Noisy promoters may perform switching

The previous analyses strongly indicate an association of the high-noise insertions with an interference of the insertions with ribosomal operons. To gain more insight on the temporal dynamics of these high-noise inserted promoters, we measured gene expression noise in time-lapse microscopy data on growing microcolonies (Figure 3C, D). We compared the change in GFP gene expression over time of single cells from clones carrying noisy and non-noisy promoters for three to four generations and quantified the differences between gene expression in different lineages. The divergence between lineages was quantified as the time average of the absolute value of the gene expression difference between sister cells.

Bacteria were grown on an agar pad to form a microcolony. The time-lapse data in the formation of the microcolony was segmented to obtain the change in the average cell fluorescence as a function of time Figure 3C. An example of gene expression of two lineages, one from a noisy clone, as measured by flow cytometry, and one from a control clone (where the cassette was inserted specifically between two converging genes, AidB and yjfN) is shown in the left panel of Figure 3D. The right panel of Figure 3D quantifies the divergence of gene expression along lineages for different clonal microcolonies, corresponding to clones where the promoter is inserted in different positions. Figure 3D shows that in microcolonies from high-noise clones different lineages emanating from the same single cell tend to diverge more in gene expression as time progresses than in the control or low-noise clones. This result points to the possible presence of switching behaviour in the high-noise clones.

DISCUSSION

Our results directly show that the probability of DNA insertion in the E. coli genome by a transposon is biased, before any long-term selection may act, other than that related to overnight growth. First, there is a stronger origin-to-terminus bias than explained by gene dosage imbalance, second, insertion probability is higher in AT-rich regions of the genome. This may seem surprising, because these are regions that are preferentially bound by the H-NS protein, which has been proposed to act as a barrier to horizontal gene transfer (3,6,8,10,28,48). However, physical components such as differences in DNA supercoiling (35,49,50) and the biophysical properties of AT-rich DNA (lower melting barriers, different stacking energy, etc.) may play a role in establishing these biases. In particular, the measured origin-to-terminus gradients of supercoling (51) and gyrase binding (52) are compatible with the hypothesis that the probability of insertion is increased in regions with higher negative supercoiling, which may explain the origin-to-terminus positive bias for insertions (not justified by origin-to-terminus differences in gene dosage). Note that this insertion bias (only transposon type) should not be confused to the transcriptional consequences of supercoling on the donor promoter. A different promoter sequence is not expected to affect the insertion probability. On the other hand, changes in gene expression levels depend on promoter sensitivity to supercoiling and local context.

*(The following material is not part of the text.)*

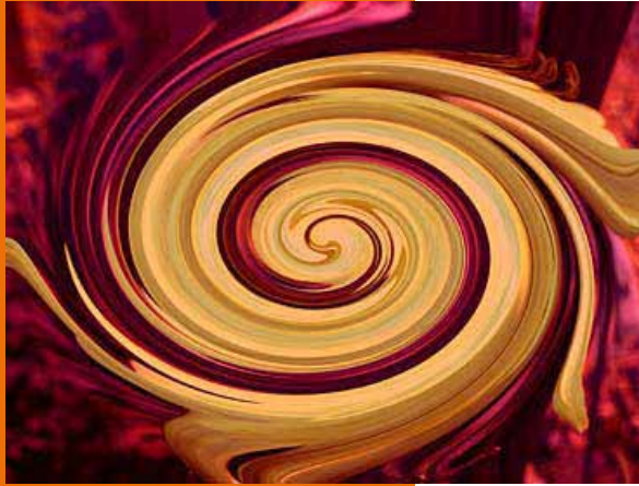
Onbekend - Nb 2004/0080, 3264 x 2448 px (Digitale kunst)

An important technical point to address is the role of kanamycin selection in these experiments. If the donor sequence including the kanR cassette is inserted in a locus where it is completely silenced by H-NS, one might not be able to see the insertion. However, our data show that selection itself does not preclude the identification of an insertion site, since insertions are not excluded from H-NS occupancy-rich regions, as it would be expected if complete silencing of KanR expression had taken place. We do observe that promoters inserted in H-NS rich regions are on average expressed less than the others. We also note that we carried out the transposon reaction in mid exponential phase cells growing in a rich medium, LB. In these conditions the concentration of H-NS is lower due to a high dilution rate (16). However, at the faster growth rates, H-NS is known to still play a role in the repression of ribosomal promoters by binding to higher affinity sites (37,53). Our results suggest that there is probably not enough protein to also cover the lower affinity (nonspecific) binding to AT-rich regions, in order to inhibit transposon insertion (11). This is in contrast to a previous study in Vibrio cholerae that has shown that only in the absence of H-NS there was a higher probability of insertion in AT-rich regions of the genome (12). These results lead us to further suggest that the role of H-NS in regulating the probability of genomic insertion of horizontally acquired genes may depend on the growth conditions and on the specific strain.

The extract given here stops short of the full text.